ところが信仰義認》という表現は、人間の《信仰》の側に比重を置くことにより、歴史上、重大な問題を生んだ。

ルターの宗教改革以来、プロテスタント諸教会は《信仰義認論》を中心的な教義(ドグマ)としてきた。しかし制度教会は長らく、この《信仰義認》を誤解してきたのではないか。


ルター以後、多くの制度教会は《信仰義認》の命題を逆転させて、「神に義とされる(救われる)ためには人間の側の正しい信仰が必要である」と誤解し、さらに「正しい信仰とは、正しい教義の体系を受容することである」と二重に誤解した、と考えられるからである。
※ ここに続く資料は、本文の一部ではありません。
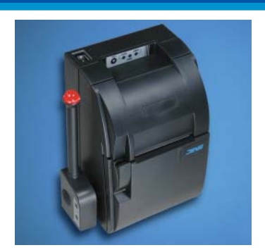
Built-In Wall Mount Capability and Optional Audio/Visual Print Messenger

その結果、プロテスタント諸教会は「正しい信仰」の基準として独自の《信条》や《信仰告白》を制定することに腐心し(「純粋な教理」の神学)、どの教義に力点を置くか、またニュアンスの相違によって互いに争い、分裂に分裂を重ね、無数の《教派》を形成してきた(注2)

このような歴史を直視するとき、われらは、内村鑑三が真のキリスト教に相応(ふさわ)しい新名称として、《十字架教》を提唱したことを思い起こす。

内村は言う。

キリスト教は元来、十字架の宗教である。・・

 

十字架は単に、キリスト教のシンボルではない。その中心である。キリスト教の全構造が拠(よ)って立つ、その隅(すみ)の親石である。・・・

まことに十字架が無ければ、キリスト教はない・・・

 

今やキリスト教でない多くのものが「キリスト教」として通用するこのときに際し、・・・われらは新しい名でキリスト教を呼びたい、との願望を抱(いだ)く。
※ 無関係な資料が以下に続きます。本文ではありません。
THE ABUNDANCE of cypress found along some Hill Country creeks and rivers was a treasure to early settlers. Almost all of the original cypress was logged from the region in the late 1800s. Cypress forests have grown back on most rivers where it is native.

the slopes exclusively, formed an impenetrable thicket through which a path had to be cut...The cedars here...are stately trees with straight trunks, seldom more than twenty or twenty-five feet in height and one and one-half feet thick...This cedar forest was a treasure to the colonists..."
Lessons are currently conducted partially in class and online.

そして私は、この願望に応じるために、十字架教という名を提唱する。・・(『聖書之研究』1921年1月の抜粋を現代語化。( )、〔 〕内は補足)

信仰義認論》の誤用の歴史を顧(かえり)みるとき、われらは内村に倣(なら)い、《信仰義認》に代えて《恩寵義認》という呼び名を提唱したい。

この《恩寵義認》という呼び名は、内村の《十字架教》に即応した呼び方でもある。

3. 十字架のイエスを仰ぐ

いかに努力しても不完全で、罪深い自分。浅薄、しかも深い動機において不純で自己中心。

 

「人は信仰のみによって救われる。善行は不要」(信仰義認)と説かれても、動揺してやまない自分の「信仰」。

たとえ他の人は救いにあずかることができても、自分だけは救われないのではないかとの疑念が襲う。無力感と絶望に飲み込まれそうになる。

闇の中を一人さ迷うとき、暗雲を貫く一条の光のごとく、イエス・キリストのことばが響く(注3)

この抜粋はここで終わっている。